### DATA RECORDS
▬▬▬▬▬▬

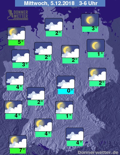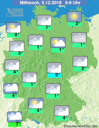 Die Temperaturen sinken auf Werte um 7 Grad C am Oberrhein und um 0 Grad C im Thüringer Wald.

▬▬▬▬▬▬

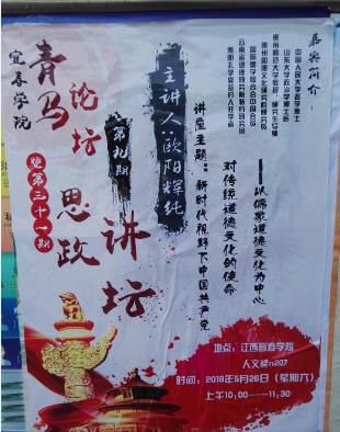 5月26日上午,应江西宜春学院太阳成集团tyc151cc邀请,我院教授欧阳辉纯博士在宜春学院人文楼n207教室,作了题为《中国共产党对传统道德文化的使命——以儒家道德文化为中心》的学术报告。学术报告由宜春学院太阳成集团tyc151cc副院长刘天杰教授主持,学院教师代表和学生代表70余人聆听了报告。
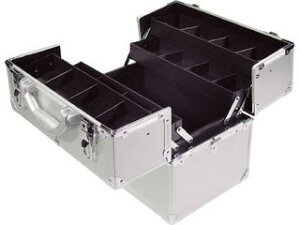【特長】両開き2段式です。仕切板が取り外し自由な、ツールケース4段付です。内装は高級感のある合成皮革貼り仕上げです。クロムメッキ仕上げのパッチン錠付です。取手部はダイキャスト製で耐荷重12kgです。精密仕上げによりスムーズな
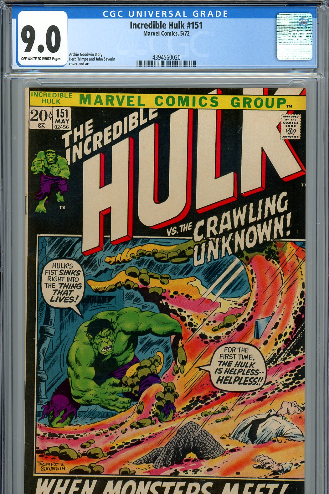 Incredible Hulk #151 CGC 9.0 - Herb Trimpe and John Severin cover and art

▬▬▬▬▬▬

### ABOUT THIS TASK
From the data above, return only the lines starting at the line that holds "5月26日上午,应江西宜春学" and ending at the line that holds "Incredible Hulk #151", word for word and without pictures.

### FINISHED TASK
 5月26日上午,应江西宜春学院太阳成集团tyc151cc邀请,我院教授欧阳辉纯博士在宜春学院人文楼n207教室,作了题为《中国共产党对传统道德文化的使命——以儒家道德文化为中心》的学术报告。学术报告由宜春学院太阳成集团tyc151cc副院长刘天杰教授主持,学院教师代表和学生代表70余人聆听了报告。
【特長】両開き2段式です。仕切板が取り外し自由な、ツールケース4段付です。内装は高級感のある合成皮革貼り仕上げです。クロムメッキ仕上げのパッチン錠付です。取手部はダイキャスト製で耐荷重12kgです。精密仕上げによりスムーズな
 Incredible Hulk #151 CGC 9.0 - Herb Trimpe and John Severin cover and art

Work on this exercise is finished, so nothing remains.